Por el camino me cuenta su vida...
Un año atrás había huido de los blancos. Éstos, en venganza, tomaron de rehenes a sus padres y los mataron por espías. Los vecinos saquearon sus bienes.
Cuando echaron a los blancos de Kubán, Prischepa regresó a su pueblo natal.
Era de mañana, amanecía, el sueño campesino suspiraba en el agriado bochorno. Prischepa se agenció un carro en la unidad y se puso a recorrer el pueblo para recoger sus gramófonos, las tinas para el levas y las toallas que su madre había bordado. Salió a la calle cubierto de una capa negra, con un cuchillo curvo al cinto; el carro lo seguía. Prischepa iba de un vecino a otro, la huella ensangrentada de sus suelas se arrastraba tras sus pasos. En las casas en que el cosaco descubría objetos de su madre o la pipa del padre, dejaba viejas acuchilladas, perros colgados sobre el pozo, iconos embadurnados de estiércol.

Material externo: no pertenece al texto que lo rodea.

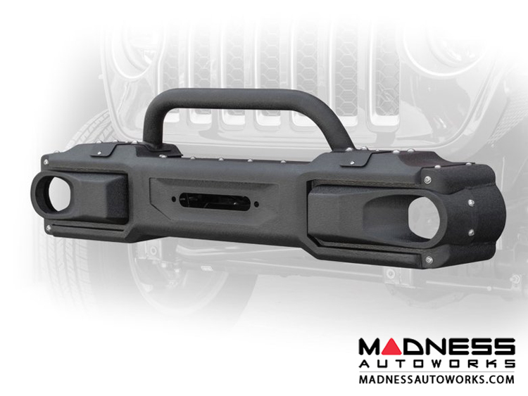 This front bumper was designed specifically for the Jeep JL and Gladiator. This is DV8’s most modular bumper and comes with the full-length wings and a stubby center section. It can also accommodate a 12,000 lbs winch and comes with a winch delete plate. Even the bull bar is modular, and to top it all off it accommodates fog lights.

Los aldeanos, fumando sus pipas, seguían con mirada sombría el recorrido de Prischepa. Los cosacos jóvenes se habían dispersado por la estepa y llevaban la cuenta. La cuenta se iba hinchando, el pueblo callaba.
Cuando hubo terminado, Prischepa regresó a la casa desierta de sus padres. Colocó los muebles rescatados en el orden que recordaba de su infancia y mandó por vodka. Encerrado en la casa, estuvo bebiendo dos días enteros; cantaba, lloraba y descargaba sablazos contra las mesas.
A la tercera noche el pueblo vio humo sobre la casa de Prischepa. Chamuscado y hecho girones, tambaleándose, sacó del establo la vaca, le colocó el revólver en la boca y disparó. La tierra humeaba a sus pies, el anillo azul de las llamas salió volando de la chimenea y se evaporó; un becerro abandonado lanzó un sollozo en el establo. El incendio refulgía como un domingo. Prischepa desató el caballo, lanzó un mechón de su pelo al fuego y desapareció.